Clyde Burke saw the tall figure enter. He observed Cliff Marsland close behind. He dropped the newspaper that he was reading. An elevator was standing with open door, empty except for the operator. The three passengers entered it. The one who looked like Channing Rightwood spoke as the operator closed the door.

“To the penthouse,” was his order.

“Can’t take you there,” retorted the operator. “It’s against my orders—”

Long hands caught the operator. The man slumped to the floor as The Shadow’s grip pressed firmly behind the fellow’s neck. The Shadow stooped and opened the bag that Cliff Marsland had laid on the floor. Black cloth showed within.

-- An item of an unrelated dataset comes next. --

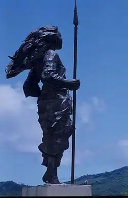 Several monuments have been dedicated to Tiahahu. In Ambon, capital of the province of Maluku, an 8-metre (26 ft) tall statue of her holding a spear was erected in 1977; it stands in Karangpanjang overlooking the Banda Sea.[3] In Abubu, a statue of her leading soldiers while holding a spear was erected and dedicated on the 190th anniversary of her death.[2][3] She also has several items named after her, including a street in Karangpanjang, Ambon, a street (Martha C. Tiahahustraat) in Wierden (Overijssel, Netherlands) and a warship, the KRI Martha Christina Tiahahu.[3]

Clyde Burke was seizing the control. He pressed the button for the penthouse and turned off the light, just as Cliff Marsland bundled up the operator and packed him in a corner. The car shot upward amid darkness. A swishing sound occurred as The Shadow removed garments from the bag. Then came the clank of metal.

The elevator stopped. There was a pause. Gloved hands pressed against the barrier. Inch by inch, the doors opened. They spread wider. A strange, vague form moved through the opening. The doors closed.

Clyde Burke pressed the light switch. He grinned. The operator lay blinking on the floor. Cliff Marsland was watching him. The bag was empty. Clyde pressed the button to drop the car to the lobby.

The Shadow’s agents had been in readiness. With swift precision they had obeyed when their chief had arrived guised as Channing Rightwood. They had taken a tall, stoop-shouldered person aboard the car. They had let another type of being off at the penthouse.

No longer playing the part of Channing Rightwood, The Shadow, garbed in his black cloak and slouch hat, had ventured alone into the realm where crime had been fostered. Again The Shadow, he had found the center point in the circle of death!